Vérifie sur ta box la plage d'adresse DHCP qui sont assignables genre de 192.168.0.1 à 192.168.0.100
Vérifie que ça soit pas 192.168.*1*."" plutot que 0

Ensuite tu devras renseigner le server dns / prends ceux de google
Puis tu auras a entrer* l'adresse IP locale *de ta box
Masque sous réseau - chez moi c'est *255.255.255.0*
L'adresse de mon routeur (BOX) chez moi c'est *192.168.1.254*


C'est qu'un exemple mais chez moi ça donne ça







De toute façon t'es obligé d'avoir une adresse fixe sinon tu va perdre ton server a chaque fois.
Tu ne devrais pas avoir besoin d'assistant , mieux vaut se faire tout a la main pour bien maitriser le truc, t’inquiète, tu vas en avoir d'autres des bizarreries


----------



## arthurod44 (18 Mai 2016)

J'aurais tellement aimé avoir ton message avant... 

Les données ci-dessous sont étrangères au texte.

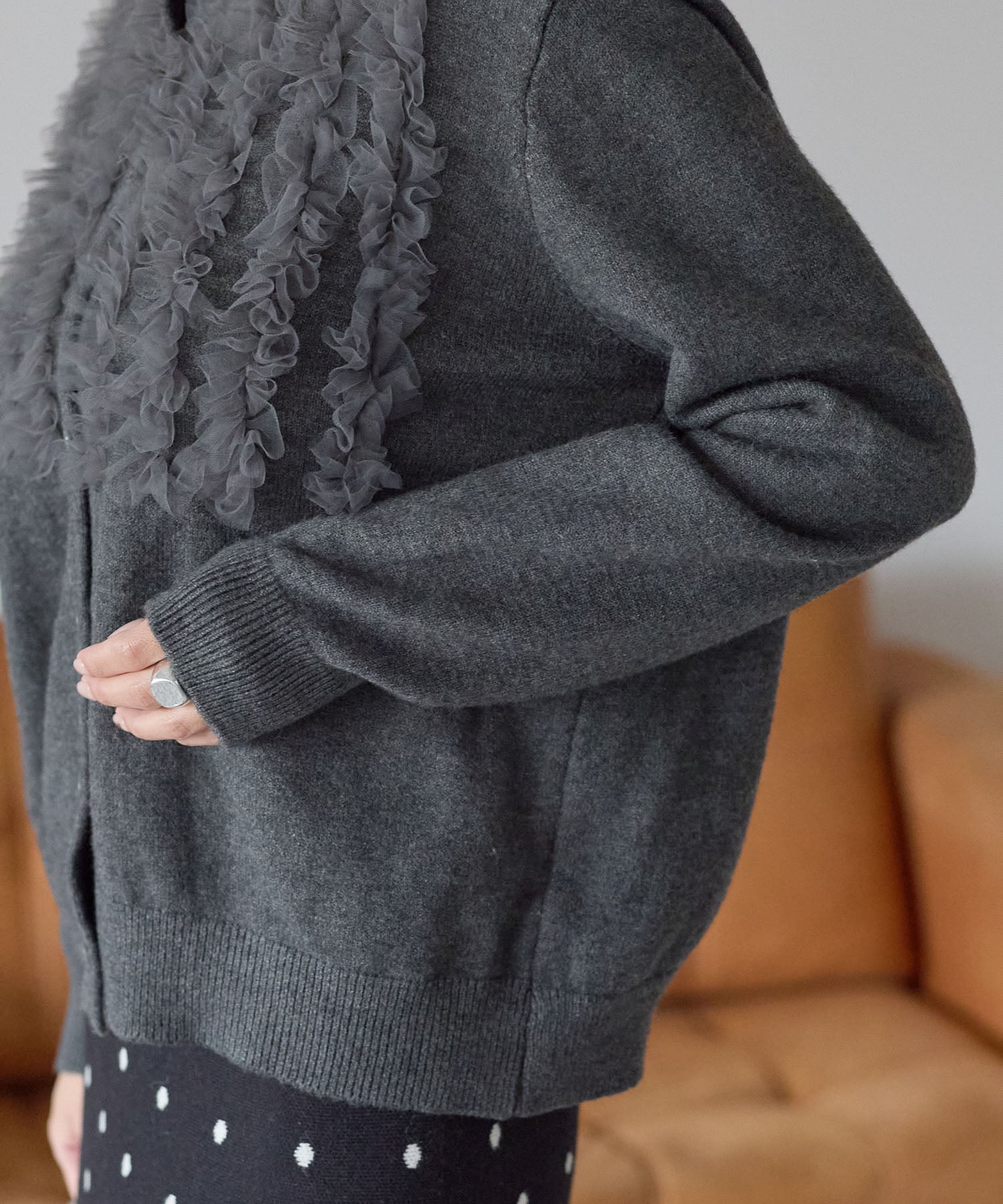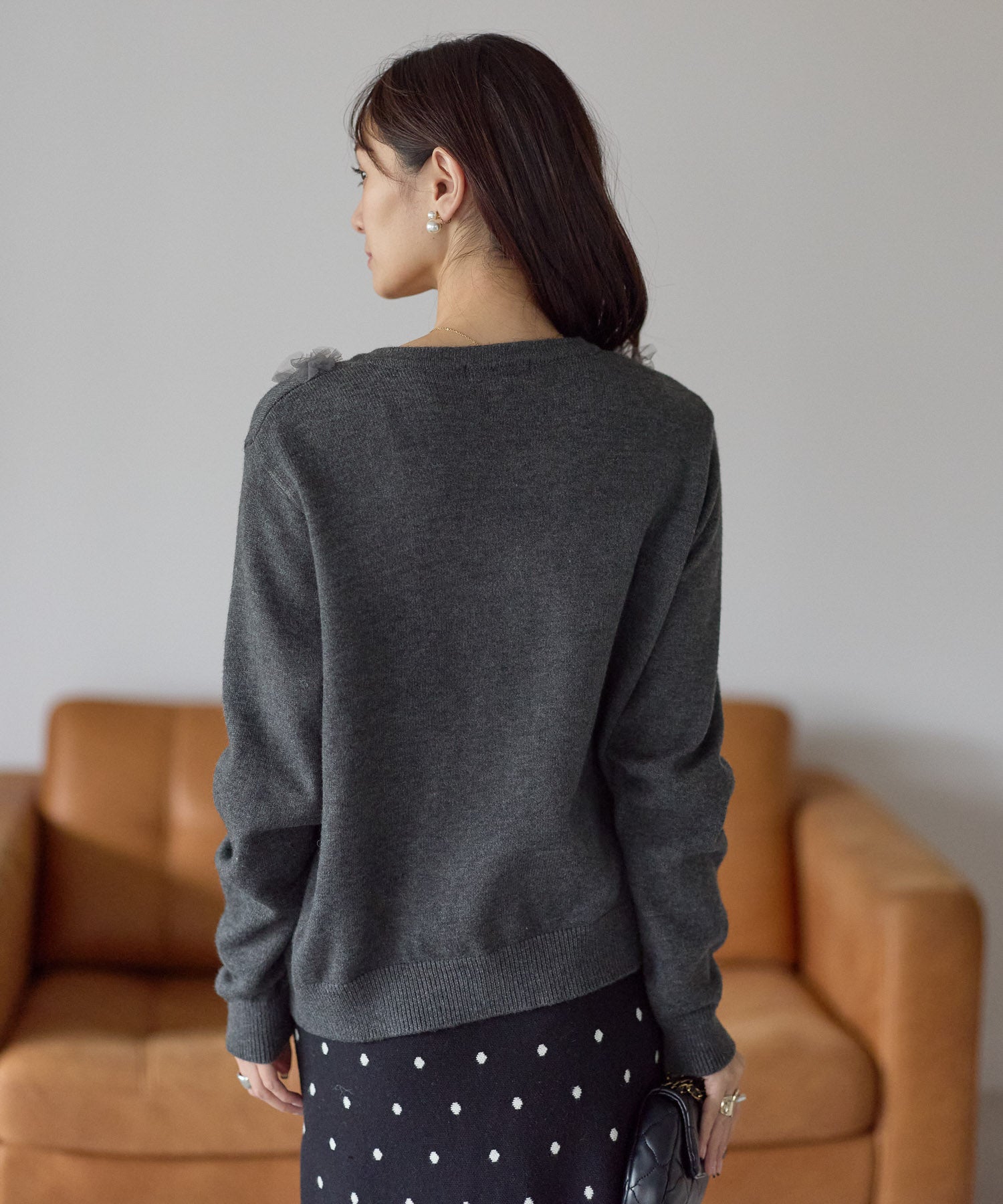 ふんわりと立体感のあるチュールフリルを前身頃に贅沢にあしらい、シンプルなニットに華やぎをプラス。

Depuis l'interface WD, il y a cet assistant qui s'active si on switch de _DHCP_ à _IP fixe_, je rentre *192.168.0.17* pour mon *NAS*, et là il y a une option en tout petit, qui donne pas du tout envie de cliquer dessus _DNS de Google_ mais je passe, je fais suivant, roulette d'attente, message de mise en garde, ok, suivant.. BOOM. Plus rien

J'ai testé de 192.168.0.1 à 0.20... rien a faire. Je tente avec un *1*


----------



## kaos (18 Mai 2016)

arthurod44 a dit:


> J'aurais tellement aimé avoir ton message avant...
> 
> Depuis l'interface WD, il y a cet assistant qui s'active si on switch de _DHCP_ à _IP fixe_, je rentre *192.168.0.17* pour mon *NAS*, et là il y a une option en tout petit, qui donne pas du tout envie de cliquer dessus _DNS de Google_ mais je passe, je fais suivant, roulette d'attente, message de mise en garde, ok, suivant.. BOOM. Plus rien
> 
> J'ai testé de 192.168.0.1 à 0.20... rien a faire. Je tente avec un *1*



Vérifie tes adresses assignables dans ta box ou aligne toi sur celle de ton ordi, tu peux pas donner n'importe quelle adresse

EX:  Si ton DHCP de BOX va de 192.168.0.1 à 192.168.0.20 et que tu met 21 ça va coincer


Pour les DNS, c'est des servers qui transforment une adresse IP en nom.com et Google a les plus puissants. Quand tu tape radiofrance.fr derriere c'est un DNS qui renvoie sur leur serveur / cette notion va t'etre utile pour la suite si tu veux acceder a ton NAS puisque tu devras transformer ton adresse IP PUBLIQUE en nom de domaine.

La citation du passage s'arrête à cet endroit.